ADAMTS13 Activity with Reflex to Inhibitor : 1002426

Message
CRITICAL FROZEN. Separate specimens must be submitted when multiple tests are ordered.

Test Code
ADAMST or 1002426

Alias/See Also
VWF Cleaving Protease (vWF-CP); vWF Protease Activity (ADAMTS-13); VWF Cleaving Protease (ADAMTS-13; vWF-CP (ADAMTS-13); von Willebrand Factor Protease Activity (ADAMTS-13)

CPT Codes
85397

Includes
If ADAMTS13 Activity is less than or equal to 30, ADAMTS13 Inhibitor will be performed at an additional charge (CPT code(s); 85335). (non-orderable 1016591)

Instructions
Lt. blue (3.2% sodium citrate).

Transport Container
Centrifuge light blue-top tube 15 minutes at approx. 1500 g within 60 minutes of collection. Using a plastic pipette, remove plasma, taking care to avoid the WBC/platelet buffy layer and place into a plastic vial. Centrifuge a second time and transfer platelet-poor plasma into standard plastic transport tube.
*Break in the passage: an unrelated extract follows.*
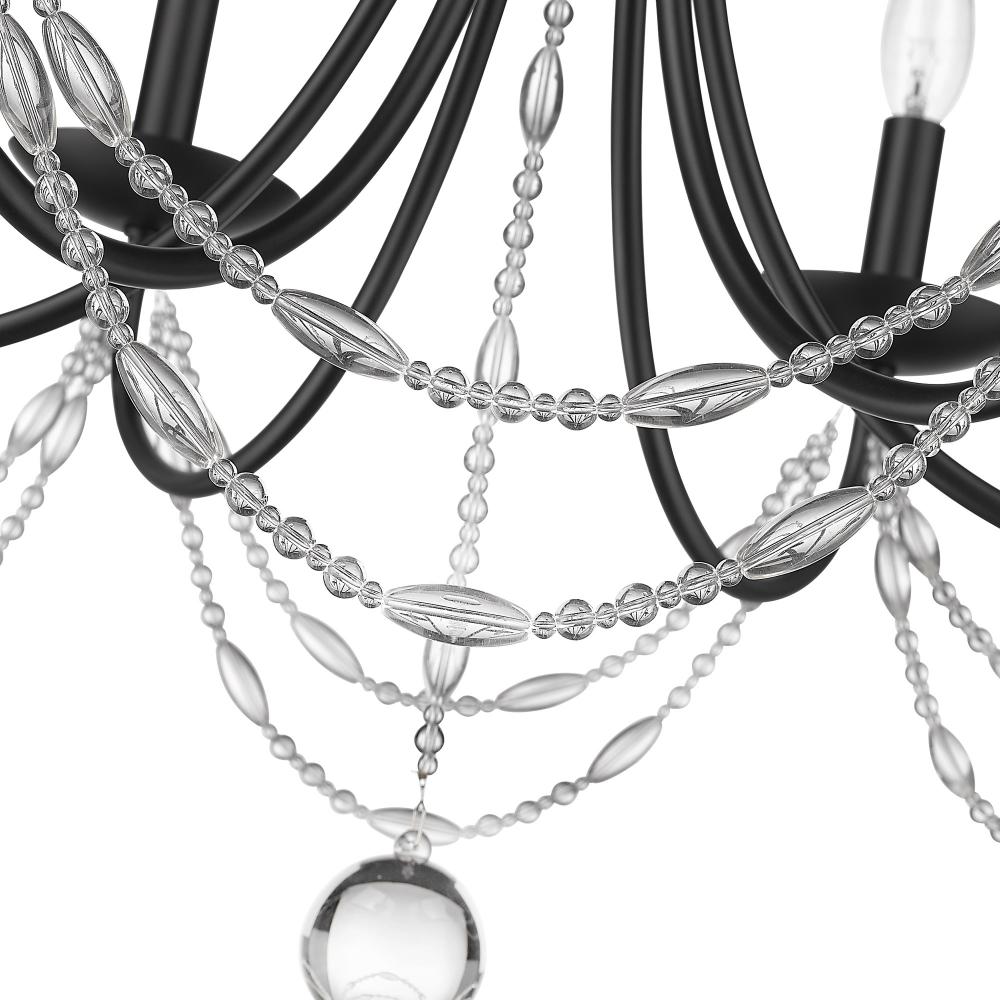 Bring stunning elegance into your home with the Golden Lighting Mirabella 6-light Chandelier in Matte Black. Featuring no shade and a striking matte black frame, it creates a captivating atmosphere in any room. The chandelier is adorned with draped swags of beaded glass, offering a delicate sparkle that captures the heart of the Glam style. The chic matte black finish is versatile, complementing both modern and traditional decor elegantly. Rated for dry locations, it’s ideal for dining rooms, living rooms, and foyers. This fixture is sloped-ceiling compatible and adjustable in height, allowing for customized installation. It requires 6 E12 candelabra base bulbs (not included) with a maximum wattage of 60 per bulb. Overall dimensions are 25"W x 26"H x 25"D. Illuminate your space with sophisticated charm and quality craftsmanship.

Plasma must be free of platelets (less than 10,000/mcl). Freeze immediately 1 mL plasma (Min. 0.5 mL).

Transport Temperature
Frozen.

Specimen Stability
Ambient: Unacceptable; Refrigerated: Unacceptable; Frozen -20 C: 21 days; Frozen -70 C: 6 months

Reject Criteria (Eg, hemolysis? Lipemia? Thaw/Other?)
EDTA plasma

Methodology
Immunoassay (IA)

Setup Schedule
Sunday - Thursday

Report Available
2-4 days (From receipt at performing laboratory)

Limitations
This test was performed using a kit that has not been cleared or approved by the FDA. The analytical performance characteristics of this test have been determined by Quest Diagnostics. This test should not be used for diagnosis without confirmation by other medically established means.

Reference Range
ADAMTS13 Activity 68-163 % Activity
If reflex: ADAMTS13 Inhibitor less than 0.4 BEU

Clinical Significance
ADAMTS-13 is a zinc metalloprotease that cleaves ultra large vWF multimers. Studies have shown that low levels of ADAMTS-13 activity are associated with thrombotic thrombocytopenic purpura (TTP), a life-threatening hematological condition characterized by a low platelet count, microvascular thrombi, red cell fragmentation, and renal complications. Congenital TTP is a rare inherited disease caused by mutations within the ADAMTS-13 gene, which result in the production of non-functional protein. The acquired form of TTP is an autoimmune-like disorder caused by the development of autoantibodies to ADAMTS-13 that inhibits enzyme activity.

Performing Laboratory
Quest Diagnostics



The CPT Codes provided in this document are based on AMA guidelines and are for informational purposes only. CPT coding is the sole responsibility of the billing party. Please direct any questions regarding coding to the payor being billed. Any Profile/panel component may be ordered separately. Reflex tests are performed at an additional charge.